Despite this, Emma recognises her journey to recovery beginning at some point during the lockdown and felt that not being able to go to the gym was a blessing in disguise: “I knew I wanted or even needed to put weight on and the only way I was going to get over my eating disorder was to stop binging and put that weight on.”


Today, Emma uses her social media platforms to open up about her struggles and road to recovery. Her first post was made during Mental Health Awareness Week 2020.


“I had seen someone else do it [post about recovery] and I just thought, okay I’m going to open up and I was so scared to post it, but I did it and I got a really positive response.”


“I now get a lot of young girls messaging me on Instagram and the other day someone said to me “you are the reason I was to recover,”’ Emma says. “Just knowing I’m helping these girls, I mean that’s amazing.”


Like Emma in the beginning, many people hide their eating disorders and Beat found that roughly 1.25 million people in the UK alone are suffering with these disorders.


“A few years ago, I had to unfollow Courtney Black who runs a fitness account, because she was so triggering for me,” Emma explains while talking about restricting who she follows after previously using her account to look at fitness accounts and models.


“But in the past year or two she’s opened up about having an eating disorder, and it’s like if you see someone who you wouldn’t have thought was struggling finally open up its like ‘oh my god you’re like me!’”

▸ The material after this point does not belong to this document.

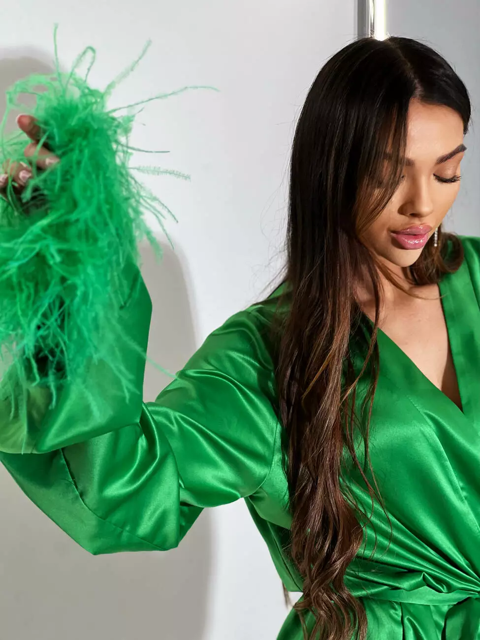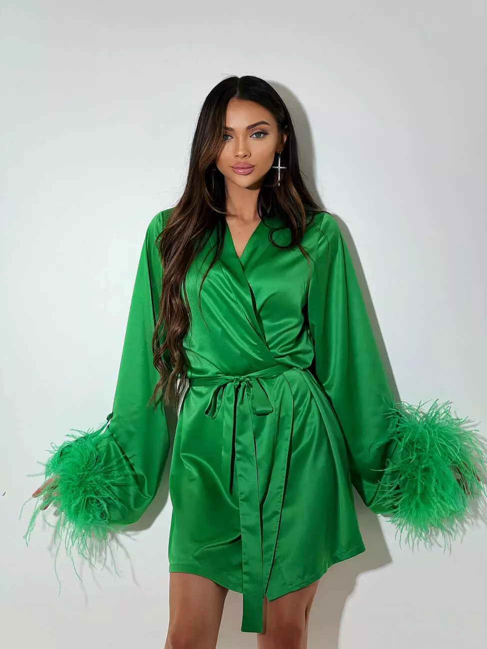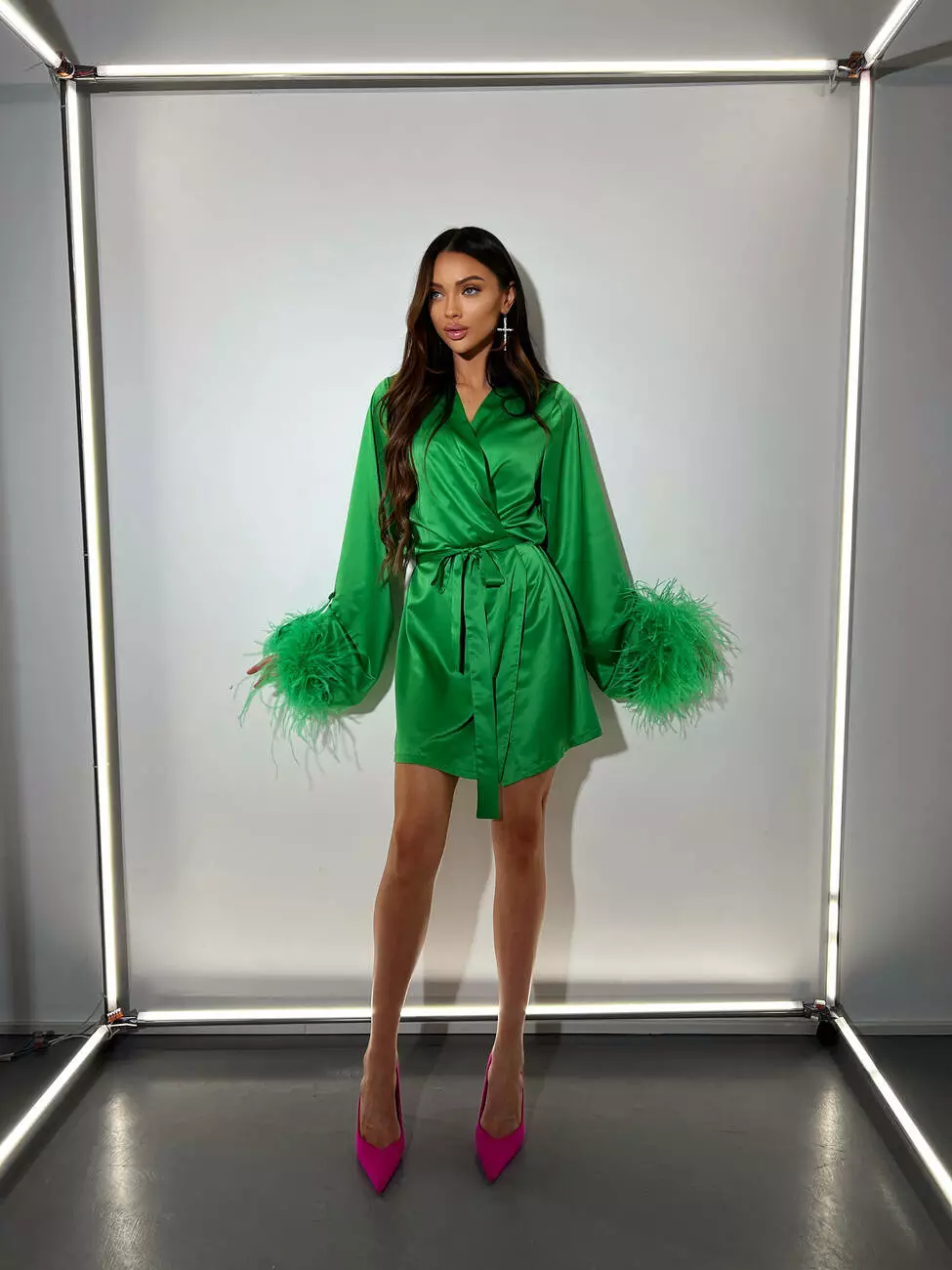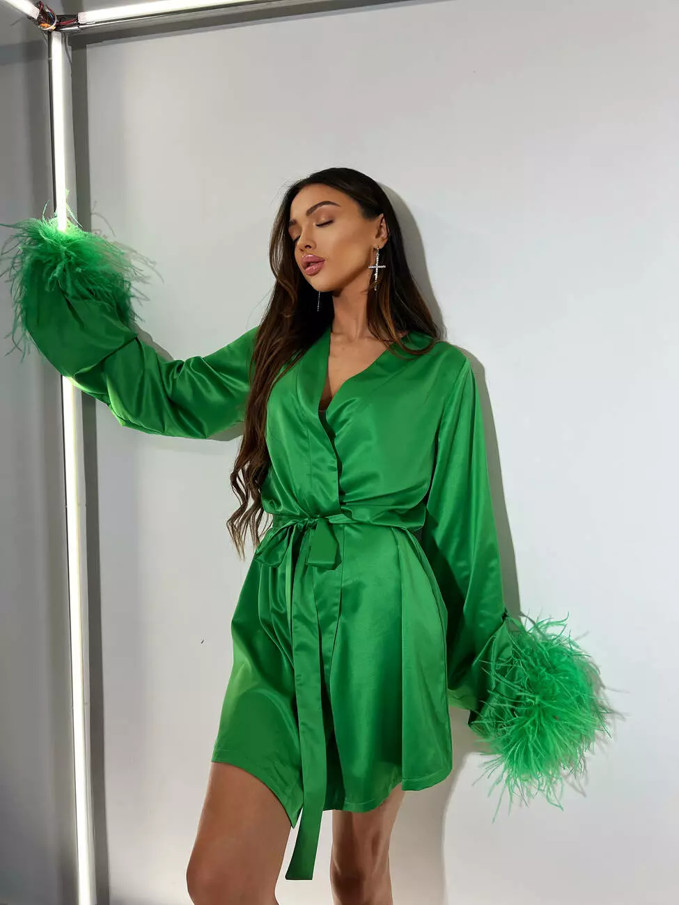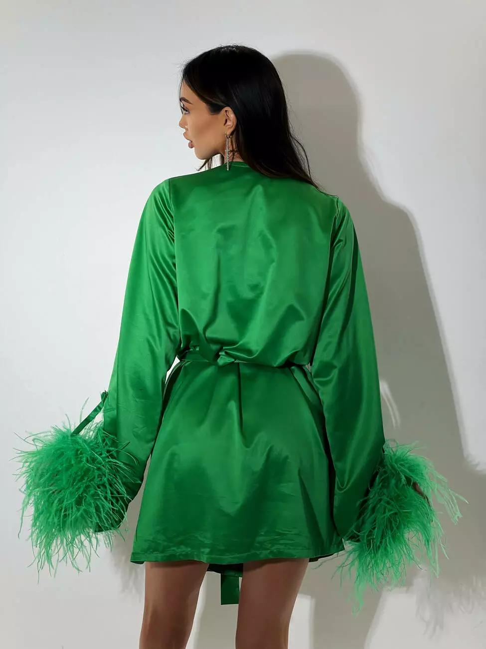 Ніжна сатинова сукня БОА з декорованими пір'ями зеленого кольору

Emma eating out at a restaurant
Eating Out

The realisation that behind all her motivational fitness posts, Courtney Black had been struggling herself hit home for Emma: “There have been all these times when my friends would come to me for advice on losing weight and there was me, stuck in an eating disorder and dishing out advice when I was just ill.”


In between helping herself and now others, Emma shares her happiness with how far she has come, “I feel like it’s the first time in my life where I’m exercising because I enjoy it, rather than punishing myself and wanting to lose weight. Obviously, I still have bad days but it’s the first time in years that I’ve actually been content and happy with my body and mental health.”


Looking to the future, Emma is excited to grow her social media platforms and potentially become an advocate and “big sister” to people that are struggling.


Do you think you’ll get any brand deals?


She laughs: “I hope! We’ll just have to see what the future brings.”


It is clear that Emma’s transparency when it comes to her recovery are helping others, so brand deal or not, her account is worth a lot more than she could’ve ever imagined.